- _Source data_:

★ ★ ★ ★ ★ ★ ★

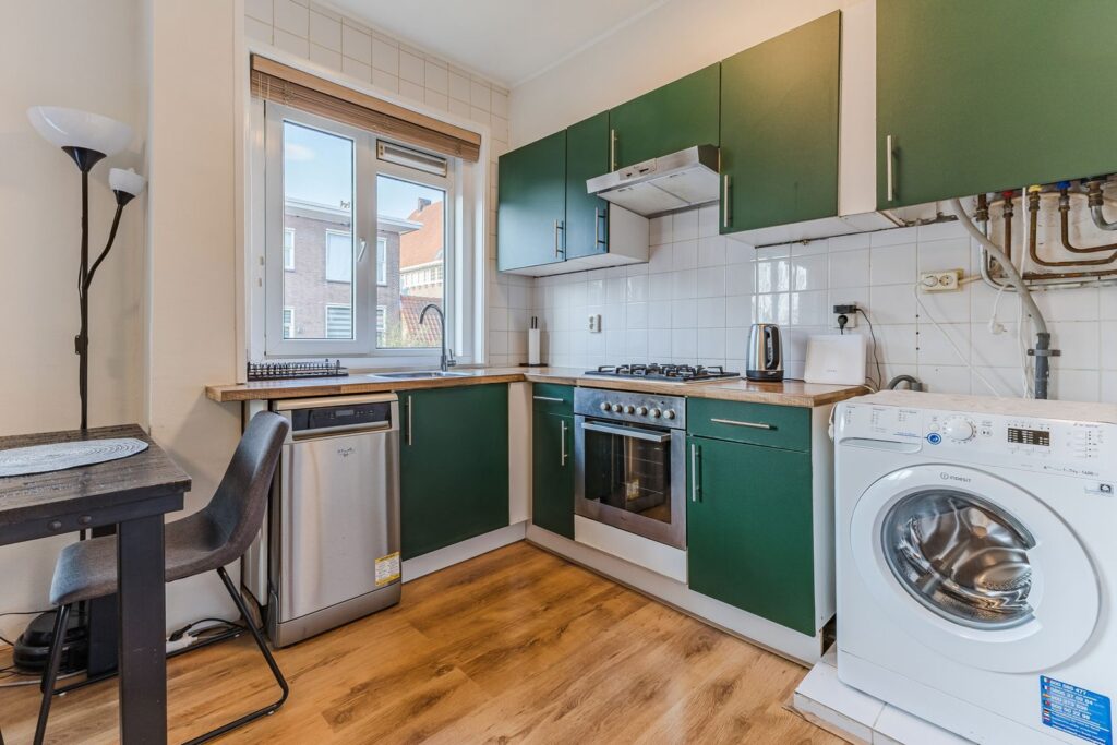 De keuken is praktisch ingericht.De slaapkamer geeft toegang tot het balkon aan de achterzijde – een heerlijke plek om van te genieten.
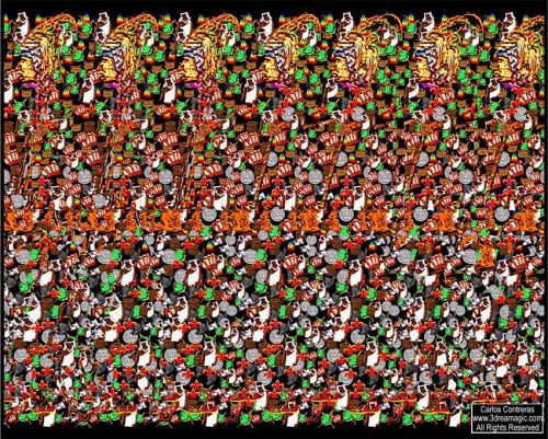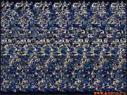 я вообще взгяд не фокусирую - наоборот, максимально расплывается мой взгляд - и картинка сама появляется... Вольффф, главное - увидеть первый раз... я в детстве года 3 не мог ничего увидеть... а как первый раз получилось - потом уже без проблем!
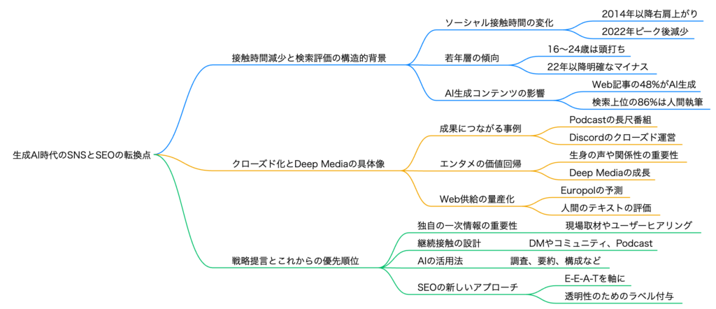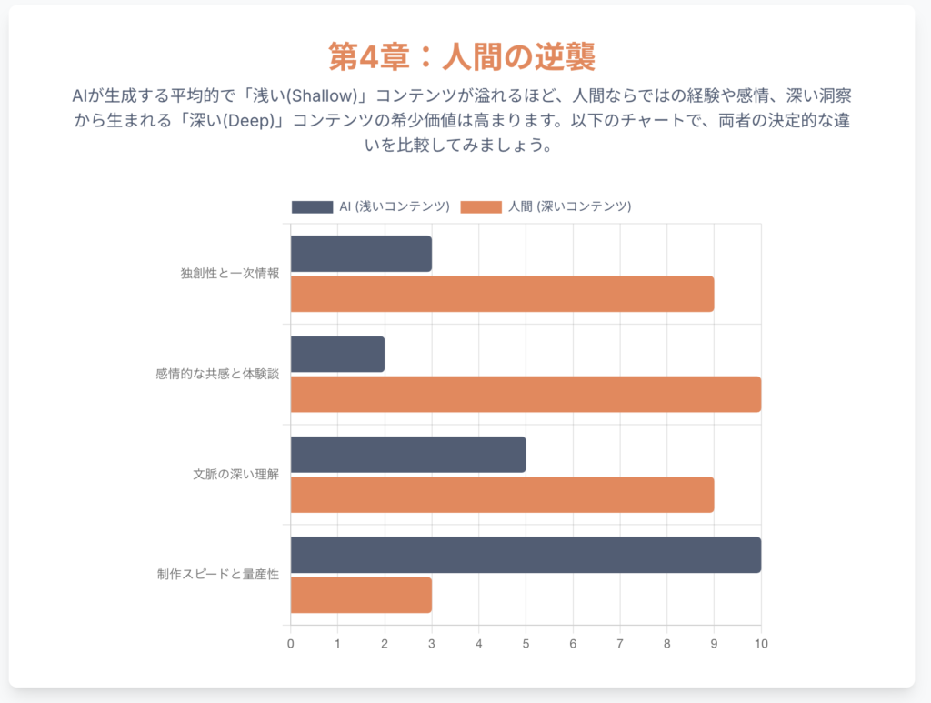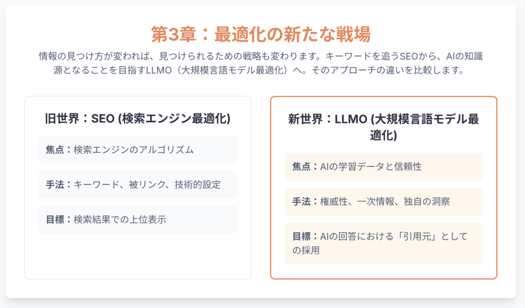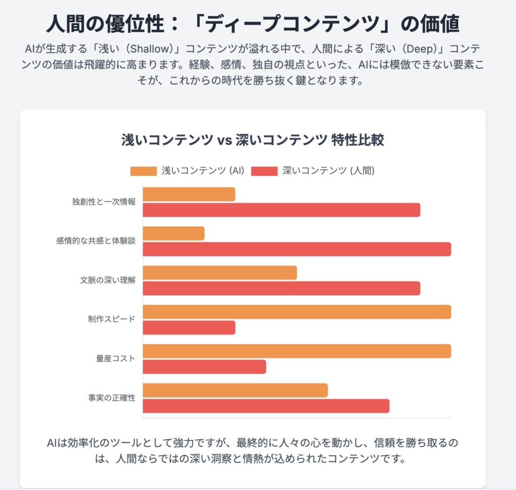 - 人間的価値の再定義: E-E-A-TおよびLLMOという戦略を通じて、AIの構造的弱点(経験の欠如、倫理的判断の困難性)を突く、人間固有の価値を競争優位性として確保する。
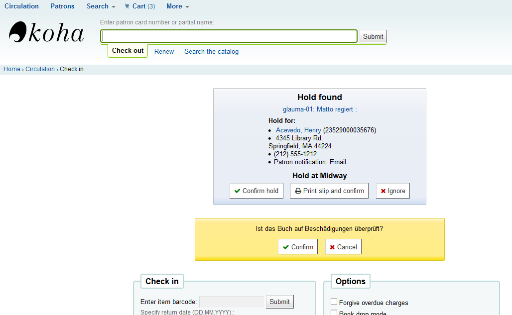 Here should be a new option for checkin message by itemtypes implemented. This new option required a confirmation from the user (over a question which is written there) bevor the item is checked in. The only possible answer for the question are yes or no. By yes the item is checked in, by no it's not checked in. To give an example what is meant here: If you create the item type audiobook, you then can add the Check in Message : "Does envelope and content match?" and for the check in message type: question. So if now a item with the item type audiobook is checked in, the user is ask : "Does envelope and content match?" and got the answer possibiltys yes and no. At this moment he can't read a new barcode, so he must answer the question. If he answer yes the item is check in, if he answer no the item is not check in.
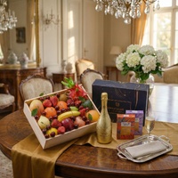 This celebration Hamper brings together fresh, handpicked seasonal fruit with sparkling indulgence. Each box features vibrant, premium fruit paired with Coffee & Dark Chocolate Bliss and Golden Caramel Popcorn for a refined mix of freshness and gourmet sweetness.The highlight is Sensi Prosecco DOC 18K Gold, offering bright citrus and pear notes with fine bubbles — the perfect sparkling match for fresh fruit.
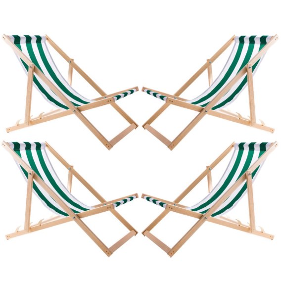 Zestaw czterech leżaków zielony pas, Woodok, zmontowany
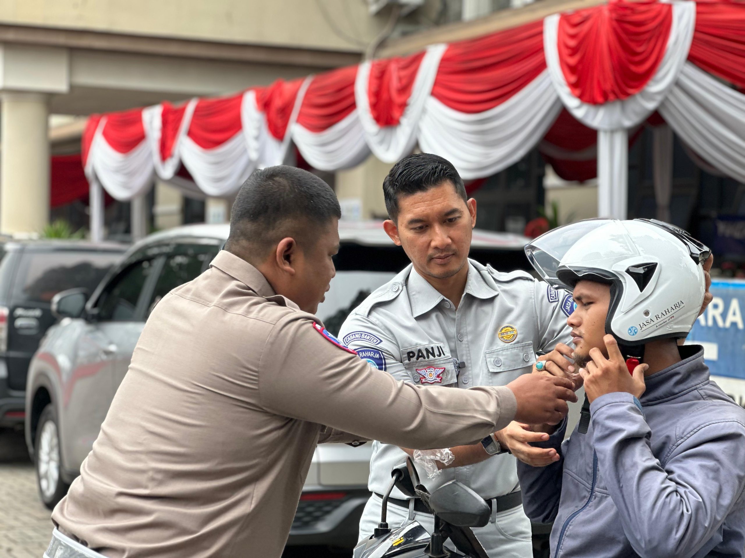 Jasa Raharja Cabang Tangerang dengan UPT Samsat Ciputat, Kepolisian serta Bank Banten menggelar kegiatan pembagian helm secara gratis di UPT Samsat Ciputat kepada wajib pajak yang taat dalam melakukan pembayaran pajak kendaraan bermotor pada Jumat 19 September 2025.
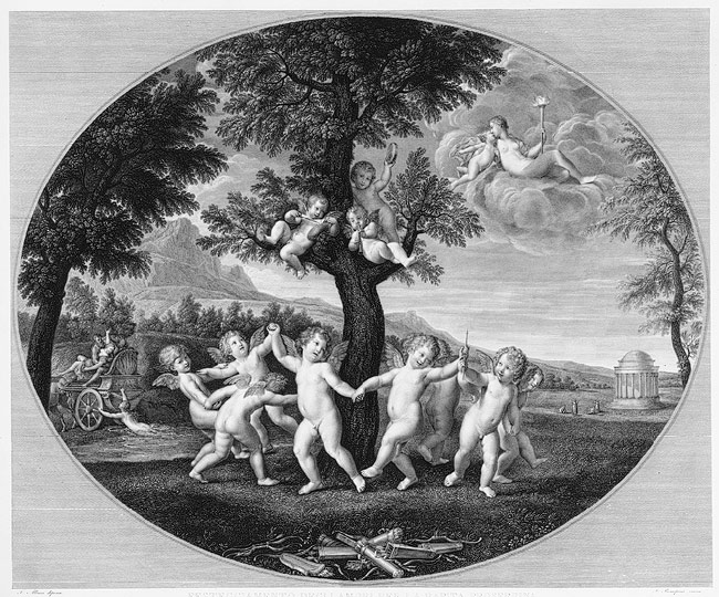 | This etching dates back to approximately 1805-1812. Francesco Rosaspina created this engraving/etching after being inspired by an oil painting by Francesco Albani. Depicted are several charibs dancing around a tree, while Cupid and Aphrodite cuddle on a cloud and Pluto rapes Proserpina in his chariot.
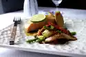 Arrange Jerusalem artichoke, spring onions and fish filet on plates, garnish with the remaining herbs.
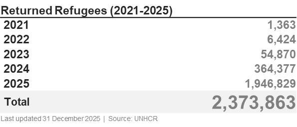 IDP Returnees data is from household-level assessments conducted by UNHCR and Partners across the country. Figures are expected to increase retroactively.
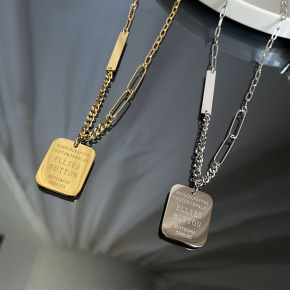 钛钢轻奢高级感不掉色方牌字母项链男女ins冷淡风小...
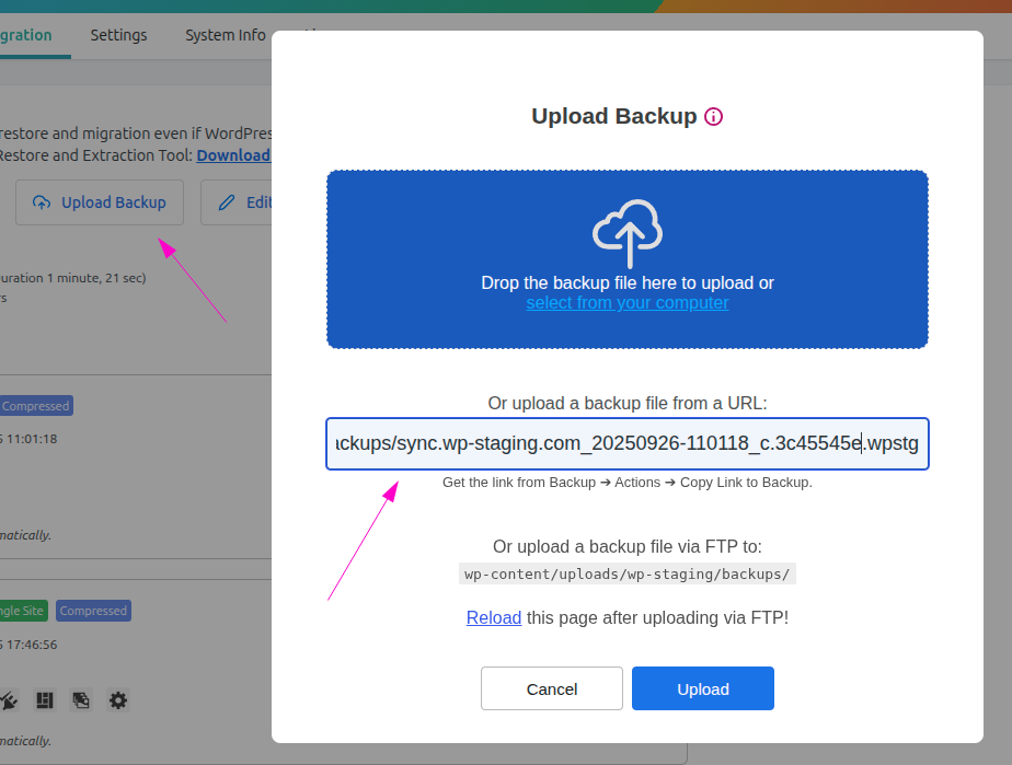Open WP Staging -> Backup & Migration on the destination remote server. Click on Upload Backup and paste the link to the backup file by using Ctrl+V (Win|Linux) or Cmd + V (Mac). The link contains a unique hash, making it unguessable by unauthorized parties to access it.
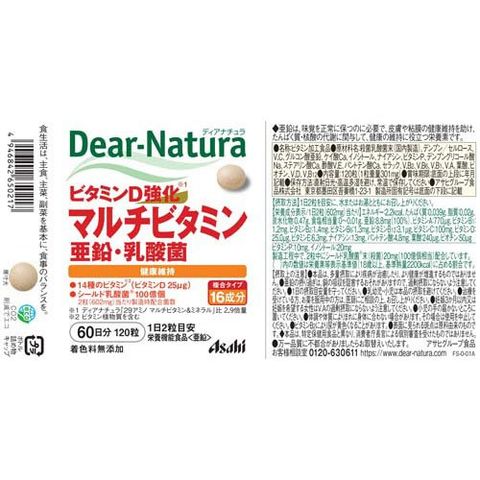 | 殺菌乳酸菌末(国内製造)、デンプン/セルロース、V.C、グルコン酸亜鉛、ケイ酸Ca、イノシトール、ナイアシン、ビタミンP、デンプングリコール酸Na、ステアリン酸Ca、酢酸V.E、パントテン酸Ca、セラック、V.B2、V.B6、V.B1、V.A、葉酸、ビオチン、V.D、V.B12 |
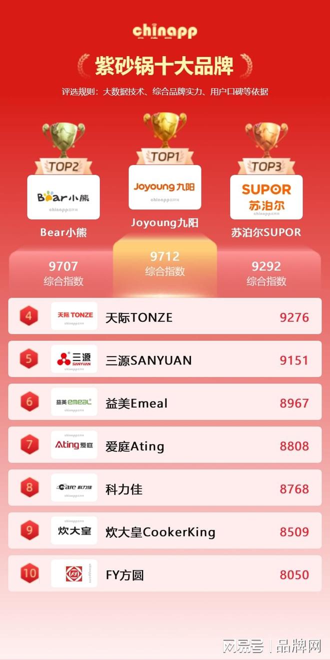 紫砂锅十大品牌排行榜,紫砂锅十大品牌前十名分别是:Joyoung九阳、Bear小熊、苏泊尔SUPOR、天际TONZE、三源SANYUAN、益美Emeal、爱庭Ating、科力佳、炊大皇CookerKing、FY方圆 。
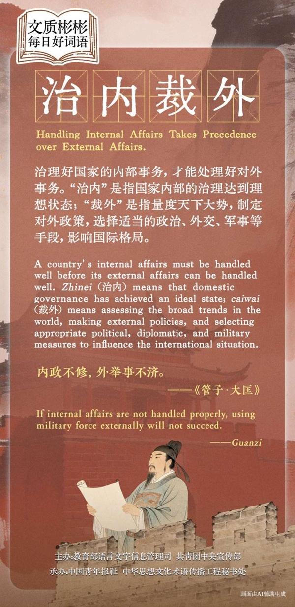 A country's internal affairs must be handled well before its external affairs can be handled well. Zhinei means that domestic governance has achieved an ideal state; caiwai means assessing the broad trends in the world, making external policies, and selecting appropriate political, diplomatic, and military measures to influence the international situation.
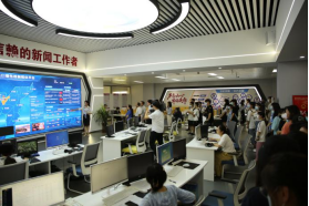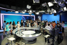 ▲签约仪式后,betway西汉姆联文学与新闻传播公司新闻学专业的师生参观德州广播电视台融媒体中心。
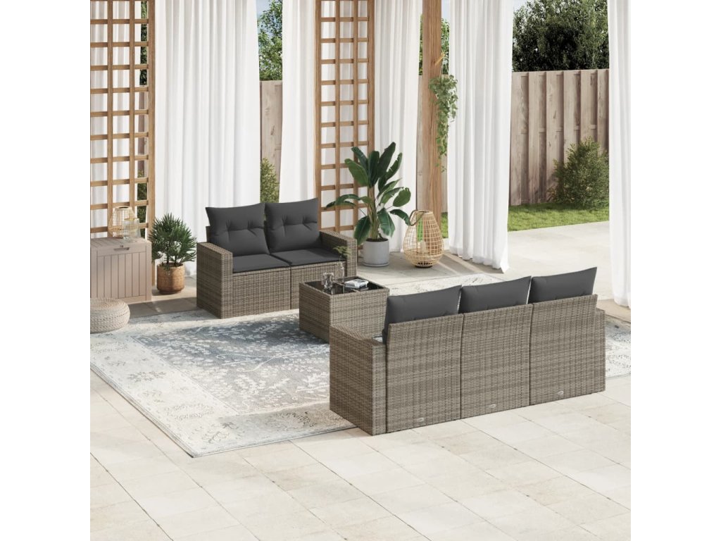 6dílná zahradní sedací souprava s poduškami šedá polyratan 3251037

★ ★ ★ ★ ★ ★ ★

Write out the data exactly, but not its pictures.

- _Exercise answer_:
 De keuken is praktisch ingericht.De slaapkamer geeft toegang tot het balkon aan de achterzijde – een heerlijke plek om van te genieten.
 я вообще взгяд не фокусирую - наоборот, максимально расплывается мой взгляд - и картинка сама появляется... Вольффф, главное - увидеть первый раз... я в детстве года 3 не мог ничего увидеть... а как первый раз получилось - потом уже без проблем!
 - 人間的価値の再定義: E-E-A-TおよびLLMOという戦略を通じて、AIの構造的弱点(経験の欠如、倫理的判断の困難性)を突く、人間固有の価値を競争優位性として確保する。
 Here should be a new option for checkin message by itemtypes implemented. This new option required a confirmation from the user (over a question which is written there) bevor the item is checked in. The only possible answer for the question are yes or no. By yes the item is checked in, by no it's not checked in. To give an example what is meant here: If you create the item type audiobook, you then can add the Check in Message : "Does envelope and content match?" and for the check in message type: question. So if now a item with the item type audiobook is checked in, the user is ask : "Does envelope and content match?" and got the answer possibiltys yes and no. At this moment he can't read a new barcode, so he must answer the question. If he answer yes the item is check in, if he answer no the item is not check in.
 This celebration Hamper brings together fresh, handpicked seasonal fruit with sparkling indulgence. Each box features vibrant, premium fruit paired with Coffee & Dark Chocolate Bliss and Golden Caramel Popcorn for a refined mix of freshness and gourmet sweetness.The highlight is Sensi Prosecco DOC 18K Gold, offering bright citrus and pear notes with fine bubbles — the perfect sparkling match for fresh fruit.
 Zestaw czterech leżaków zielony pas, Woodok, zmontowany
 Jasa Raharja Cabang Tangerang dengan UPT Samsat Ciputat, Kepolisian serta Bank Banten menggelar kegiatan pembagian helm secara gratis di UPT Samsat Ciputat kepada wajib pajak yang taat dalam melakukan pembayaran pajak kendaraan bermotor pada Jumat 19 September 2025.
 | This etching dates back to approximately 1805-1812. Francesco Rosaspina created this engraving/etching after being inspired by an oil painting by Francesco Albani. Depicted are several charibs dancing around a tree, while Cupid and Aphrodite cuddle on a cloud and Pluto rapes Proserpina in his chariot.
 Arrange Jerusalem artichoke, spring onions and fish filet on plates, garnish with the remaining herbs.
 IDP Returnees data is from household-level assessments conducted by UNHCR and Partners across the country. Figures are expected to increase retroactively.
 钛钢轻奢高级感不掉色方牌字母项链男女ins冷淡风小...
Open WP Staging -> Backup & Migration on the destination remote server. Click on Upload Backup and paste the link to the backup file by using Ctrl+V (Win|Linux) or Cmd + V (Mac). The link contains a unique hash, making it unguessable by unauthorized parties to access it.
 | 殺菌乳酸菌末(国内製造)、デンプン/セルロース、V.C、グルコン酸亜鉛、ケイ酸Ca、イノシトール、ナイアシン、ビタミンP、デンプングリコール酸Na、ステアリン酸Ca、酢酸V.E、パントテン酸Ca、セラック、V.B2、V.B6、V.B1、V.A、葉酸、ビオチン、V.D、V.B12 |
 紫砂锅十大品牌排行榜,紫砂锅十大品牌前十名分别是:Joyoung九阳、Bear小熊、苏泊尔SUPOR、天际TONZE、三源SANYUAN、益美Emeal、爱庭Ating、科力佳、炊大皇CookerKing、FY方圆 。
 A country's internal affairs must be handled well before its external affairs can be handled well. Zhinei means that domestic governance has achieved an ideal state; caiwai means assessing the broad trends in the world, making external policies, and selecting appropriate political, diplomatic, and military measures to influence the international situation.
 ▲签约仪式后,betway西汉姆联文学与新闻传播公司新闻学专业的师生参观德州广播电视台融媒体中心。
 6dílná zahradní sedací souprava s poduškami šedá polyratan 3251037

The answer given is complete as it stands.